# Pregunta sobre el rendimiento de la tarjeta gráfica

## pacho2

Quisiera saber si es normal que obtenga en torno a unos 3800 frames con glxgears. Tengo lo siguiente:

-Nvidia 6600 GT AGP 8x 256Mb

-Driver 7667 de nvidia instalado con emerge (con el 6629 obtengo 3600 frames)

-Monitor con una resolución 1280x1024

-Athlon 3200 (x86-64)

Los juegos no parece que corran mal, la duda la tengo después de haber visto que hay gente que con la misma tarjeta saca unos 8000-10000 frames, al pricipio creí que sería por la resolución o por el número de colores (lo tengo a 24, si lo bajo 16 obtengo unos 5100 frames).

Corriendo glxinfo puedo ver que el Direct Rendering está activo.

Saludos

----------

## Excalibur

Supongo que sí que es normal, yo con mi Geforce FX 5600 obtengo 2800... teniendo en cuenta la superioridad de tu tarjeta...es correcto no?

----------

## blueworm

Estas realizando la prueba en pantalla completa o con la ventana normal?

----------

## Stolz

Si las pruebas son con la pantalla de Glxgears del tamaño por defecto y con 24bits de color, entonces creo que algo anda mal.
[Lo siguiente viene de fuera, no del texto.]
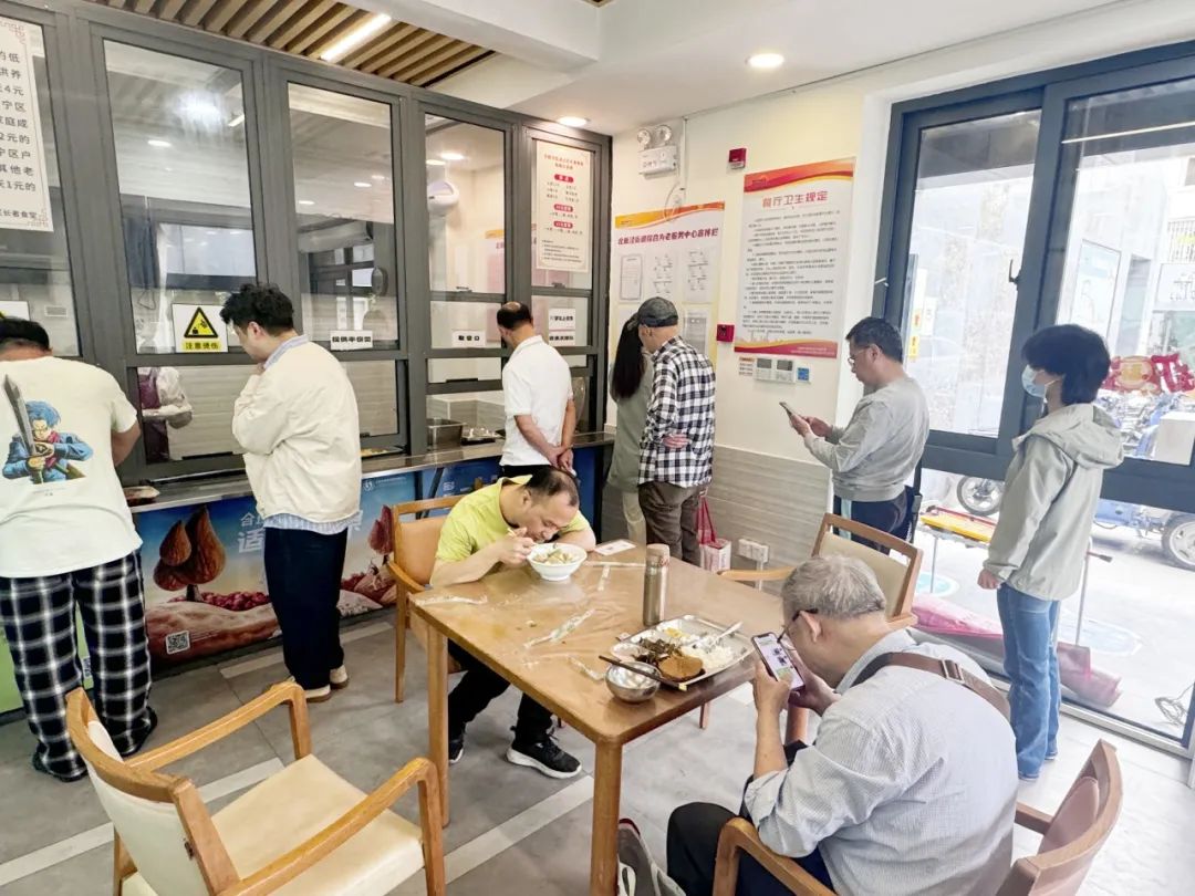 和市场一样,北新泾社区的老年食堂也是居民经常来来往往的热门场所。老年食堂位于天山西路北渔路东南角,是集日常用餐、健康管理、社交为一体的综合用餐平台。营养搭配的老年用餐、普惠亲民的价格体系、多元化的服务管理机制、温馨的老化环境深受好评。
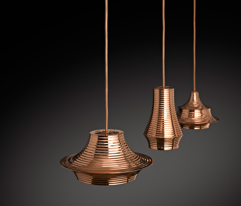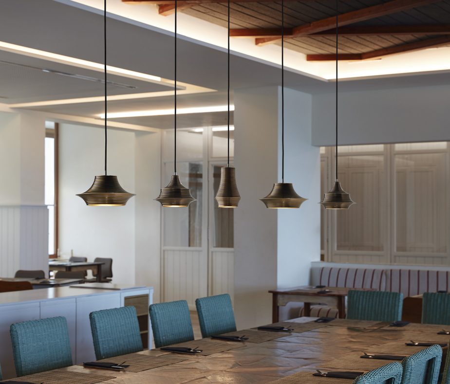 Skybell is an extensive system of light structures, designed to adapt to any type of application. Their main characteristic is the image they give off, they are subtle and cheerful. They breathe a point of fantasy and freedom in their applications because they can be combined in variations, mixing their 4 sizes, until they achieve a more personal and dynamic lamp concept or they can keep all the ‘bells’ in the same length, achieving a more traditional image.
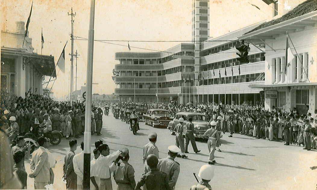 Een parade voor het Hotel Savoy Homann tijdens de Aziatisch-Afrikaanse Conferentie van 1955.
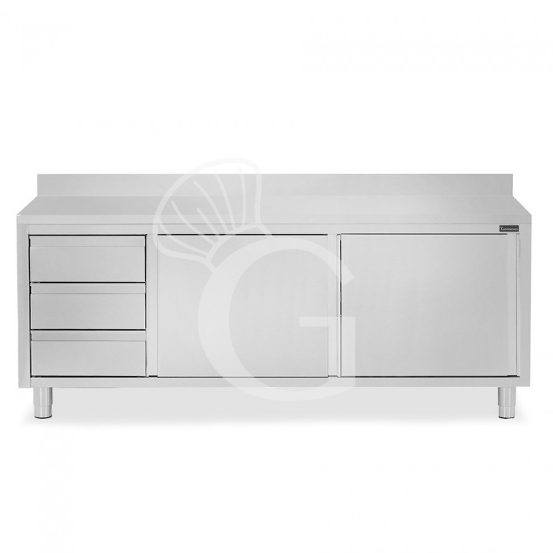 Schranktisch aus Edelstahl mit 2 Schiebetüren, 3 Schubladen auf der linken Seite, Aufsatz und Breite 2300 mm x Tiefe 700 mm x Höhe 950 mm.

Con esas condiciones, mi 6600GT ronda los 6660FPS sin ninguna clase de oveclock.

Lo que no se me ocurre es cual peude ser la cusa. Si estas usando el driver AGP de Nvidia prueba con el del kernel, y si estas usando el del kernel, prueba con el de Nvidia.

Saludozzzz

----------

## blueworm

Tambien hay que notar, que depende mucho de la cpu.

----------

## juanma

Yo con una radeon9200 llego justo justo a las 2100 con los ultimos drivers (recien instalados ayer  :Razz: ), así que no se si será correcto tu rendimiento o no pero teniendo en cuenta las diferencias entre tu tarjeta y la mía creo que deberías sacar bastantes mas f.p.s.

----------

## Stolz

Por si sirve de referencia, yo tengo un 3400+ que ahora en verano 'descansa' a 2700Mhz. Aun teniendo en cuenta la diferencia de velocidad entre tu 3200+ y mi 3400+ con overclock, me parece que el resultado es demasiado abultado como para deberse solo a procesador.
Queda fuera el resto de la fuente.